Толстый Джонс, разлегшись на ласковой траве и прикрыв глаза от солнца,
набивал трубку.
- Да, это теперь историческая роза. Она у вас, наверно, давно? Всегда
привязываешься к таким давнишним знакомым. - Нет, Януариус Джонс не очень
интересовался цветами.
- Тут есть еще причина, более серьезная. В этом кусте заключена часть
моей молодости, как вино заключено в амфоре. Разница одна: моя амфора каждый
год расцветает заново.
- А-а, - сказал Джонс, отчаявшись. - Значит, с ней связана какая-то
история?
- Да, мой милый, И довольно длинная. Но вам, наверное, так лежать
неудобно?
- Кому же бывает когда-нибудь вполне удобно? - Джонс сразу ринулся в
образовавшуюся брешь: - Разве что во сне. Человек так устает от постоянного
и неизбежного соприкосновения с землей, сидит ли он, лежит, или стоит, все
равно это угнетает его, постоянно напоминая о бренности земной. Если бы
человек, хоть один человек на свете, мог бы освободиться от силы земного
притяжения, сосредоточить весь свой вес только на той точке, где он касается
земли, - чего бы он только не сделал! Он стал бы Богом, господином жизни, и
высокие боги дрогнули бы на своих тронах; он прогремел бы у врат
бесконечности, как рыцарь в латах. А теперь его вечно гнетет мысль: как это
земля, созданная из огня, воздуха и воды всемогущей волей, может быть такой
дьявольски жесткой?
- Да, это верно. Человек не может долго лежать в одном положении -
мешает думать. Но я хотел рассказать про мою розу...
- Взгляните на ястреба, - пылко прервал его Джонс, стараясь выиграть
время, - его держит только воздух, а какое достоинство, какая
целеустремленность! Что ему до того - выбрали ли Смита губернатором или нет?

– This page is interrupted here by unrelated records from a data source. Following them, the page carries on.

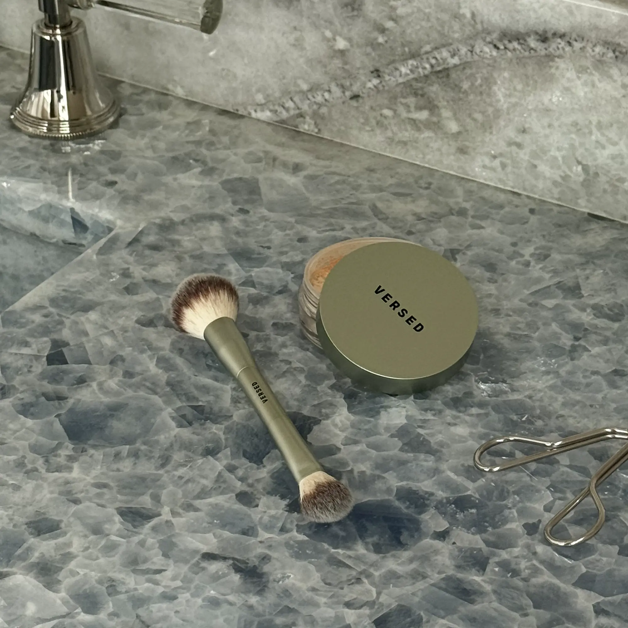 How: Swirl the fluffy end of the brush into powder for all-over setting, or use the flat end to press into targeted areas like under-eyes or the T-zone.
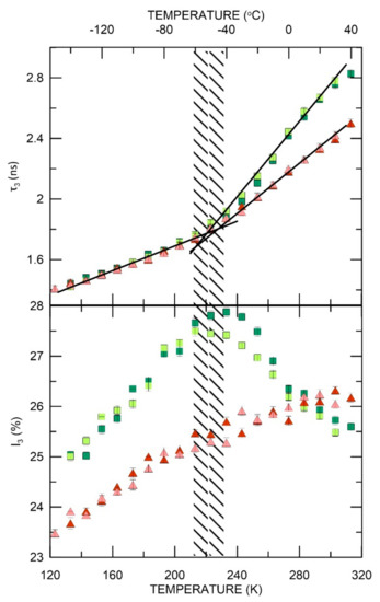 The effect of exposure of samples to drastic changes in temperature was investigated. As mentioned above, low temperatures did not affect the stability of the systems. The nanostructure of the virgin sample and the stress sample (subjected to the process of cooling down to −150 °C and then reheated to +40 °C and then to RT) remained unaltered, as reflected in the lifetime and intensity of o-Ps. The spectra for the virgin sample, samples at −150 °C, and samples reheated to RT were summed up and analyzed by the LT and MELT software.
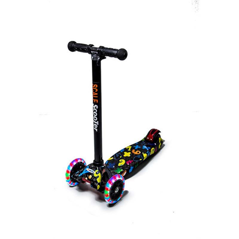 Триколісний самокат scooter з малюнками на платформі популярна модель у дітей і школярів. Це практичний дитячий самокат. Завдяки добре підібраним розмірам основних компонентів і можливості знімати ручку. Також, він дуже яскравий і привертає до себе підвищену увагу. Малюнок нанесений по всій поверхні платформи. Колеса світяться під час руху. Міцна платформа із пластику витримує вагу до 60 кілограмів, вона додатково посилена ребрами жорсткості. Триколісний самокат Maxi має стандартні розміри платформи 33*13,5 сантиметрів - це дуже зручно для дітей під час катання. Досить багато місця для розташування ніг. Зупинити самокат на ходу можна за допомогою ножного гальма, яке знаходиться в кінці платформи. У самоката є два великих колеса діаметром 120 мм і два додаткових ззаду, розміром 80 мм. Два колеса ззаду підвищують комфорт під час катання, а саме, дають додаткову стійкість і поліпшене утримання швидкості. Матеріал коліс: м'який поліуретан. Він безшумний і бере на себе більшість вібрацій від нерівних тротуарів і плитки, що запобігає підвищеній напрузі на ноги райдера. Розігнати самокат максі досить просто зі встановленими підшипниками класу abec7. Самокат best scooter має міцну металеву ручку з прогумованими рукоятками, щоб руки не ковзали.
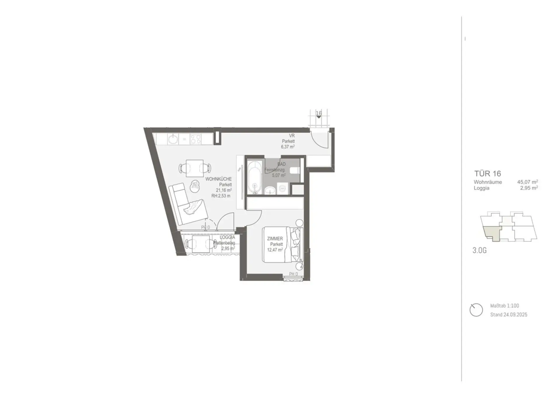 Vom Vorzimmer mit Nische für eine Garderobe geht es ins Wohnesszimmer und Badezimmer. Das Wohnesszimmer ist auf die sonnigen Loggia ausgerichtet. Über das Wohnesszimmer erreicht man das Schlafzimmer.
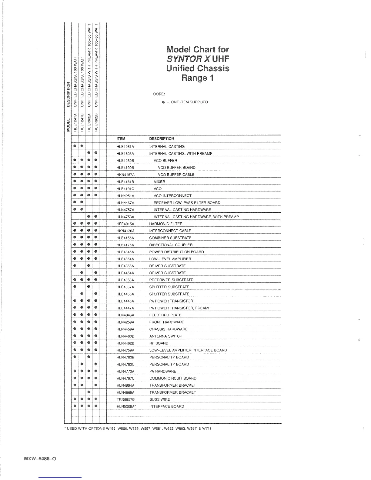 Motorola SYNTOR X - SYNTOR X UHF Unified Chassis Model Charts; Range 1 Unified Chassis
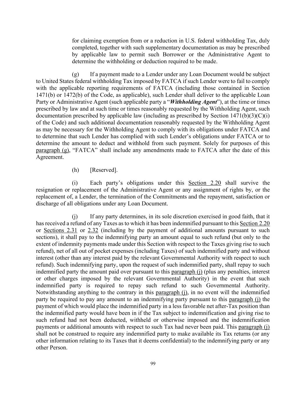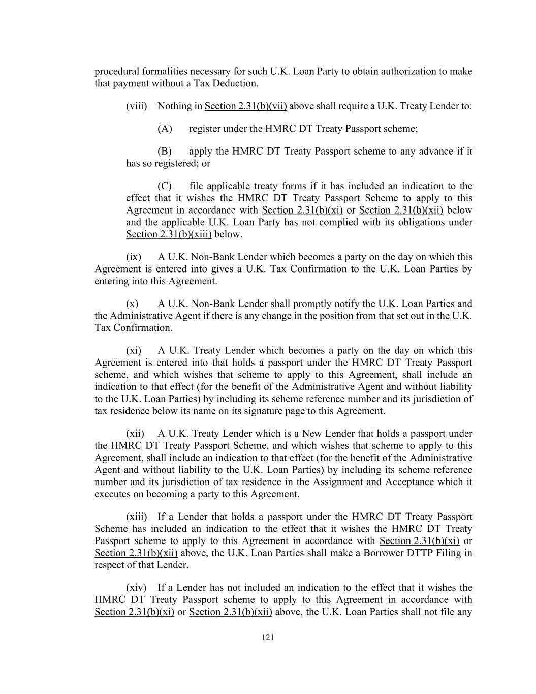 121 procedural formalities necessary for such U.K. Loan Party to obtain authorization to make that payment without a Tax Deduction. (viii) Nothing in Section 2.31(b)(vii) above shall require a U.K. Treaty Lender to: (A) register under the HMRC DT Treaty Passport scheme; (B) apply the HMRC DT Treaty Passport scheme to any advance if it has so registered; or (C) file applicable treaty forms if it has included an indication to the effect that it wishes the HMRC DT Treaty Passport Scheme to apply to this Agreement in accordance with Section 2.31(b)(xi) or Section 2.31(b)(xii) below and the applicable U.K. Loan Party has not complied with its obligations under Section 2.31(b)(xiii) below. (ix) A U.K. Non-Bank Lender which becomes a party on the day on which this Agreement is entered into gives a U.K. Tax Confirmation to the U.K. Loan Parties by entering into this Agreement. (x) A U.K. Non-Bank Lender shall promptly notify the U.K. Loan Parties and the Administrative Agent if there is any change in the position from that set out in the U.K. Tax Confirmation. (xi) A U.K. Treaty Lender which becomes a party on the day on which this Agreement is entered into that holds a passport under the HMRC DT Treaty Passport scheme, and which wishes that scheme to apply to this Agreement, shall include an indication to that effect (for the benefit of the Administrative Agent and without liability to the U.K. Loan Parties) by including its scheme reference number and its jurisdiction of tax residence below its name on its signature page to this Agreement. (xii) A U.K. Treaty Lender which is a New Lender that holds a passport under the HMRC DT Treaty Passport Scheme, and which wishes that scheme to apply to this Agreement, shall include an indication to that effect (for the benefit of the Administrative Agent and without liability to the U.K. Loan Parties) by including its scheme reference number and its jurisdiction of tax residence in the Assignment and Acceptance which it executes on becoming a party to this Agreement. (xiii) If a Lender that holds a passport under the HMRC DT Treaty Passport Scheme has included an indication to the effect that it wishes the HMRC DT Treaty Passport scheme to apply to this Agreement in accordance with Section 2.31(b)(xi) or Section 2.31(b)(xii) above, the U.K. Loan Parties shall make a Borrower DTTP Filing in respect of that Lender. (xiv) If a Lender has not included an indication to the effect that it wishes the HMRC DT Treaty Passport scheme to apply to this Agreement in accordance with Section 2.31(b)(xi) or Section 2.31(b)(xii) above, the U.K. Loan Parties shall not file any
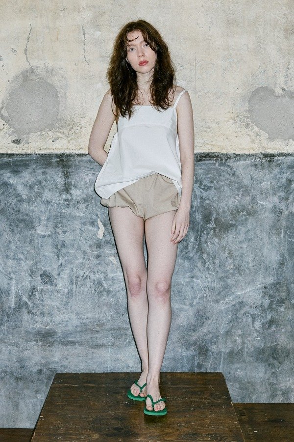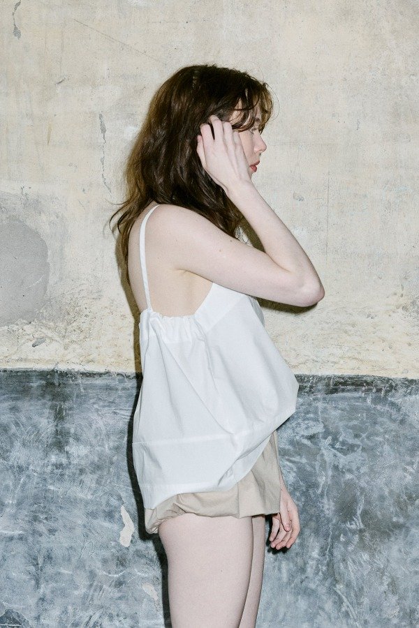 Blusa bombé con breteles finitos, elástico en espalda para ajuste al cuerpo, corte parte inferior.
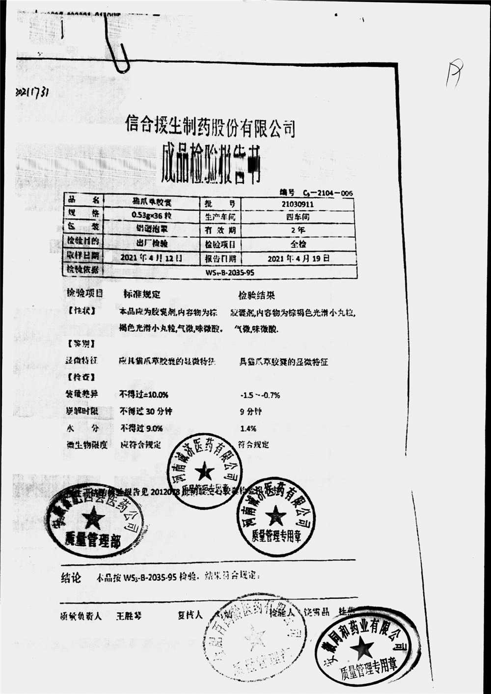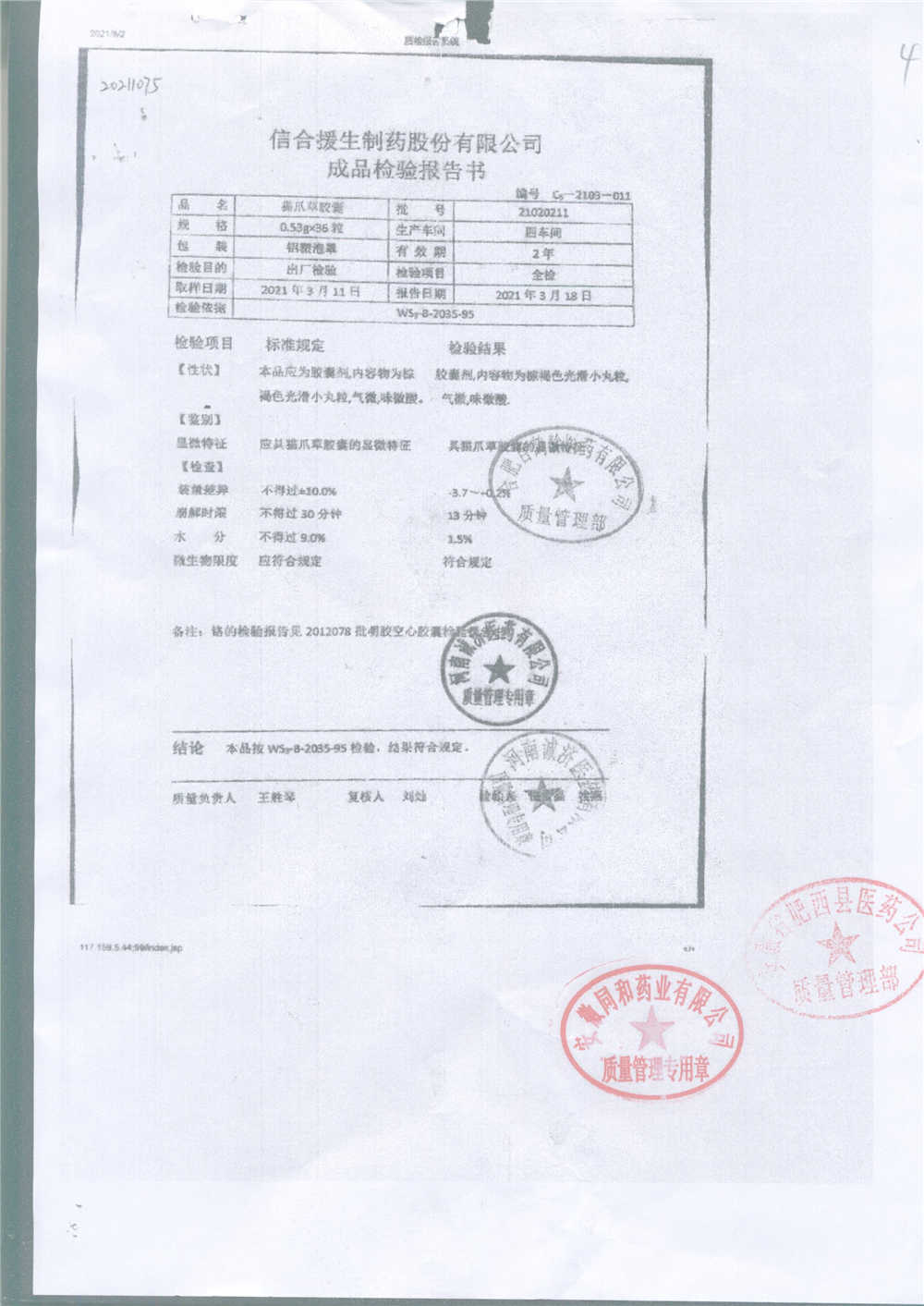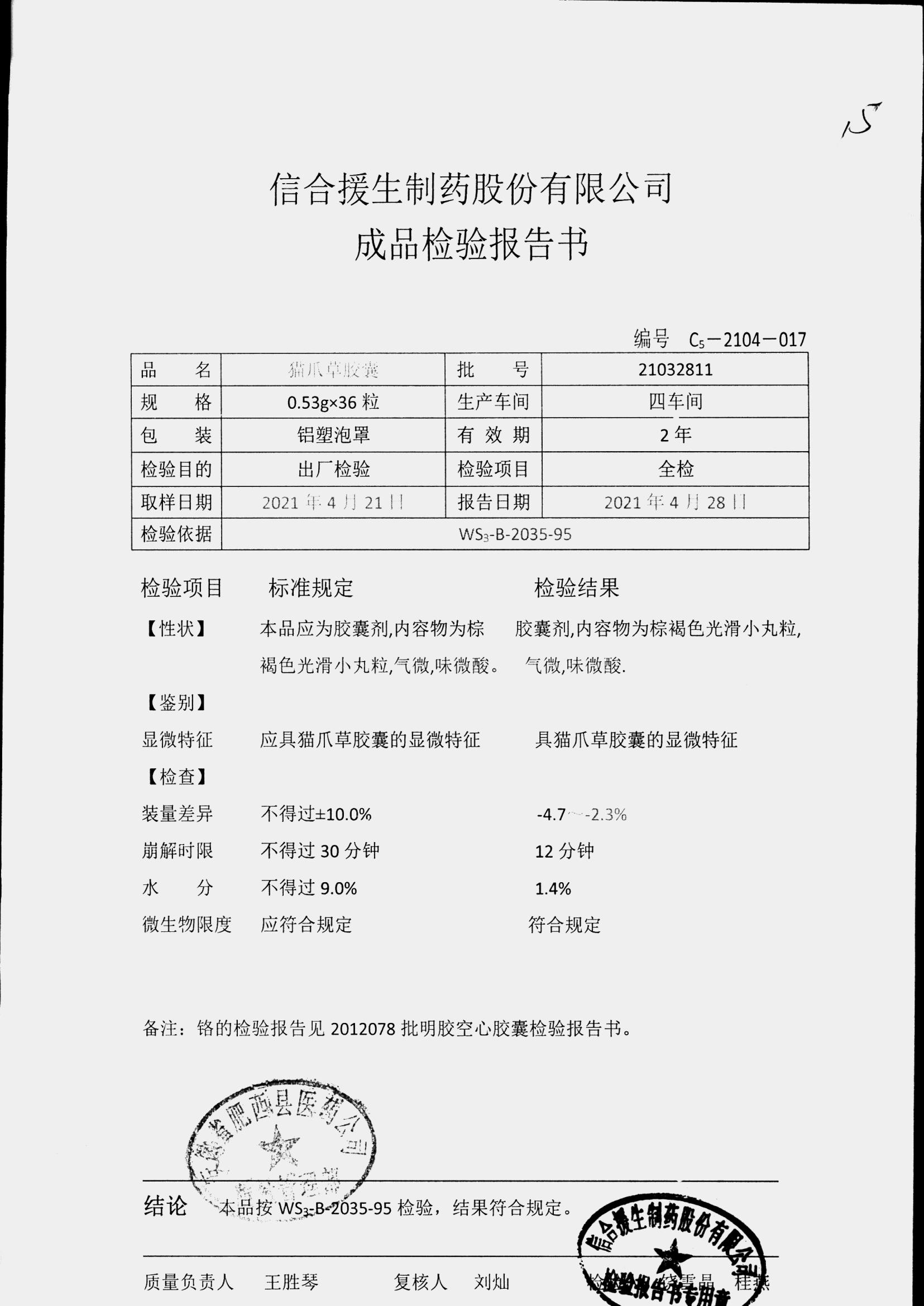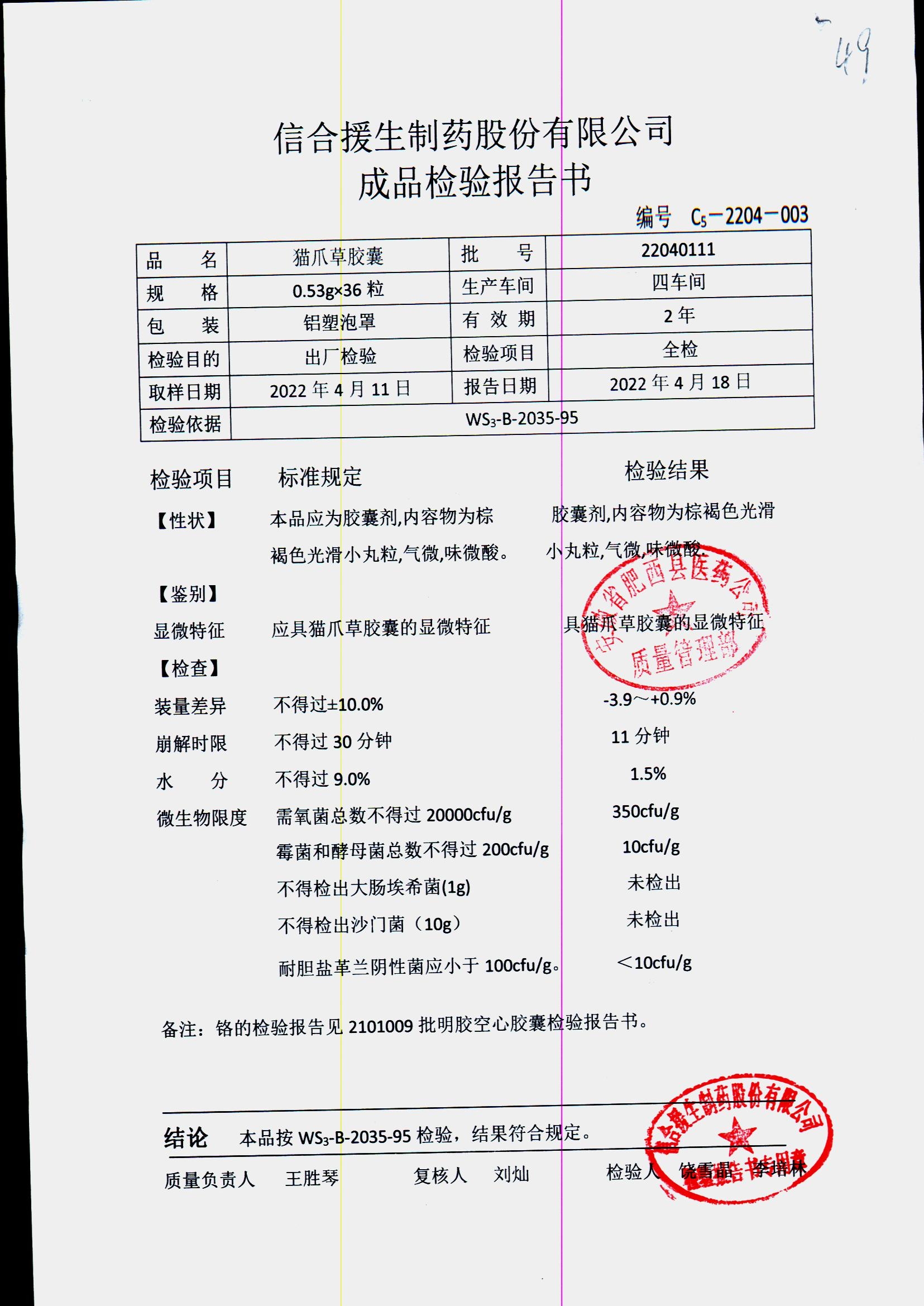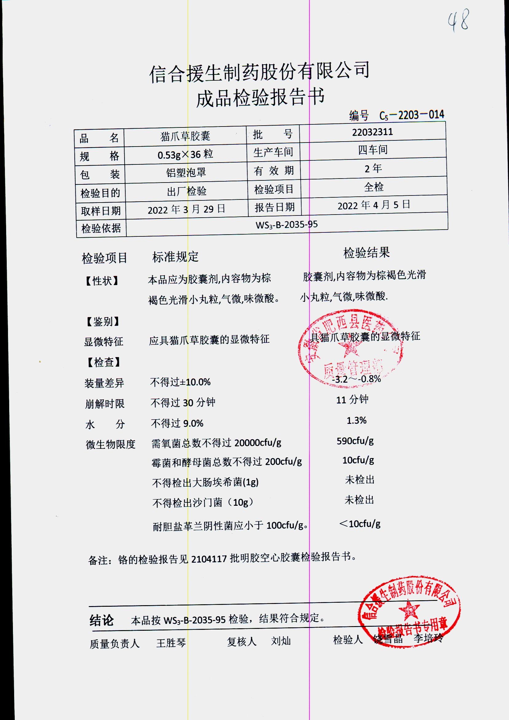 猫爪草胶囊 | 0.53g*36s | 22040111 | 查看详情 |

Что ему до того, что суверенные государства ежегодно посылают малоизвестных
людей, про которых знают только то, что они не склонны к потливости,
посылают их вмешиваться безнаказанно в дела других суверенных государств?
- Но, милый мой, это пахнет анархизмом.
- Анархизмом? Конечно! Рука Провидения и на ней мозоли от счета денег -
вот что такое анархизм!
- По крайней мере, вы признаете, что есть рука Провидения!
- Разве? Не знаю! - Джонс надвинул шляпу на глаза, так, что видна была
только торчащая трубка, и вытащил коробку спичек из кармана. Вынув спичку,
он чиркнул о коробок. Спичка не загорелась, и он лениво отбросил ее в грядку
фиалок. Потом попытался зажечь еще и еще одну.